Supplementary Materials
Supplementary Movie 1. Screening amplification domains for CluMPS reporter. Representative time lapse videos of candidate CluMPS variants (magenta) co-transfected with Cry2-GFP (green) and stimulated with blue light. CluMPS variants harbor different amplification domains as indicated. Time is mm:ss. Scale bar = 20μm.
Supplementary Movie 2. Representative simulations of stochastic model of CluMPS amplification. Each row shows motion of the target and reporter units under the indicated simulation parameters. All rows have identical simulation parameters except for the valency of the target, which is indicated to the left of each row. The right-most column shows the extent of reporter clustering and the total interaction strength of the simulation. Simulations were stopped once the interaction strength reached steady state. See Methods for more model details.
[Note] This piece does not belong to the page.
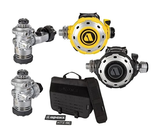 The Apeks MTX-RC Stage 3 is a complete scuba diving regulator set, including a primary and an octopus (second stage), designed for high performance and reliability in cold, deep, and technical dive environments.

Supplementary Movie 3. CluMPS:target affinity regulates CluMPS amplification. LaG-CluMPS variants with differing affinities were each co-transfected with Cry2-GFP and stimulated with blue light. Higher-affinity CluMPS provided greater cluster amplification. Time is mm:ss. Scale bar = 20μm.
Supplementary Movie 4. Gab1(PRD)-CluMPS visualizes endogenous EML4-ALK condensates and their shrinkage in response to ALK inhibitor. Gab1(PRD)-CluMPS was expressed in H3122 cancer cells, which harbor the EML4-ALK (V1) oncogene. ALK inhibitor crizotinib (1 μM) is added at t = 0 min. Scale bar = 20μm.
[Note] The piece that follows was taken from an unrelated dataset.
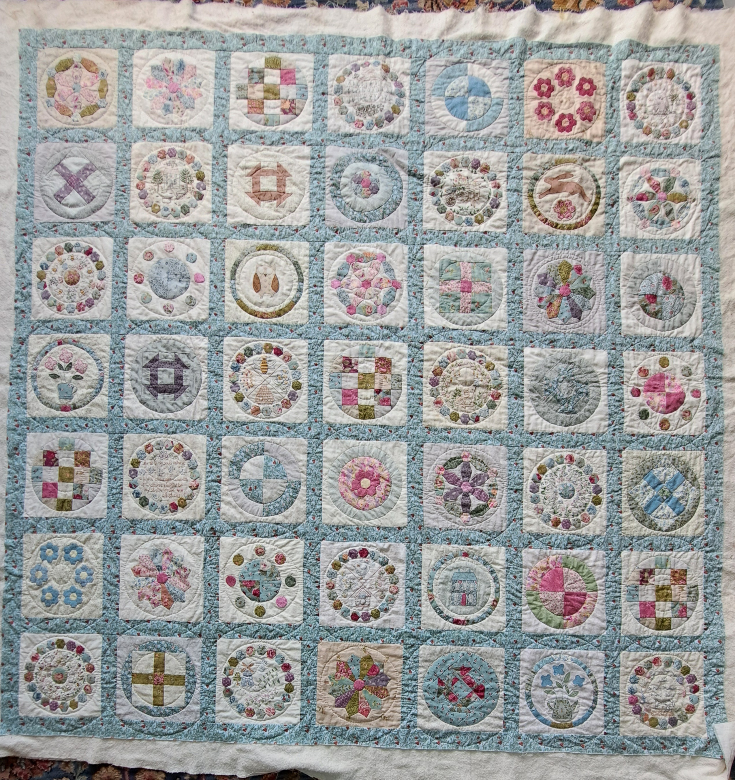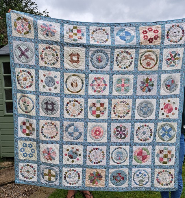 I machine stitched it to the front and then hand-stitched it to the back. Normally my last job would be to make a label, but I embroidered one as the final extra block, the quilt pattern was for a rectangular quilt 8×6 blocks without sashing, whereas I wanted a square quilt 7×7 blocks. Of course I could just embroidered 2025 and my initials on the back too for the final finishing date…I’ll see.

Supplementary Movie 5. Multiplexed imaging of orthogonal CluMPS reporters against distinct clustering targets in single cells. Orthogonal CluMPS variants (LaG17-CluMPS, nbALFA-CluMPS) were co-expressed with orthogonal blue-light-induced clustering systems (BcLOV4-GFP and ALFA-Cry2) in the single cells. Blue light is applied at the beginning of the video to induce clustering of both GFP and ALFA-tag. Distinct clusters are observed in both the miRFP (LaG17 CluMPS, teal) and mRuby2 (nbALFA CluMPS, red) channels, suggesting independent amplification of the distinct clusters. Time is mm:ss. Scale bar = 20μm.
Data Availability Statement
All microscopy data available from the lead contact upon request.
Code used to fit clusters throughout this manuscript and described in Supplementary Figure 20 and 21 is available on github (https://github.com/BugajLab/Cluster-Fitting, DOI: 10.5281/zenodo.10471925).
Any additional information required to reanalyze the data reported in this paper is available from the lead contact upon request.